Residents of the Chinese city of Xi’an took to social media on Thursday to plead for help, as they are running out of food and other necessities under a strict coronavirus lockdown order.
Imprisoned citizens furiously accused local officials of being dangerously unprepared for the lockdown.
With the understanding that no Chinese Communist government statement about coronavirus cases should be accepted at state value, officials claimed all but one of the 156 new coronavirus cases logged in China on Wednesday originated in Xi’an.
Nearly the entire city of 13 million people was locked down a week ago, supposedly due to 143 coronavirus infections. Most public activities were suspended, travel outside the city was forbidden, and one member of each family was allowed to make a trip for groceries every two days.
Authorities tightened restrictions even further Monday, prohibited migrant workers from returning home to see their families during the New Year holiday, and an army of technicians clad in hazmat suits blasted the entire city with disinfectant, a bizarre spectacle conducted with only a few hours of warning to miserable residents.

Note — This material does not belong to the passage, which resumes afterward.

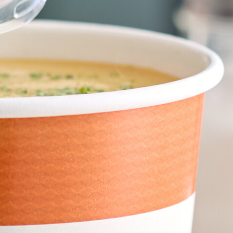 Made from double poly-coated paperboard, the container in this container and lid combo is durable and moisture-resistant. Use it for serving anything from light chicken noodle soup to thick, hearty stews. It ensures the combined rigidity and reliability you need in a take-out paper hot food cup and lid combo.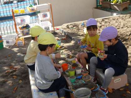 砂を上にのせて、シャベルをぐるぐる回しています!

Xian residents running out of food as they enter eighth day of lockdown https://t.co/rcltzaUaXh
— South China Morning Post (@SCMPNews) December 30, 2021
Complaints against local officials for mismanaging the lockdown began almost immediately and reached a fever pitch on Thursday when the South China Morning Post (SCMP) quoted complaints from Xi’an residents who are beginning to starve.
“This is getting more and more ridiculous. I never thought in my lifetime I would be unable to sleep because of not having food to eat,” one unhappy camper said on Weibo, China’s heavily censored version of Twitter.
“I’m about to be starved to death. There’s no food, my housing compound won’t let me out, and I’m about to run out of instant noodles … please help!” said another.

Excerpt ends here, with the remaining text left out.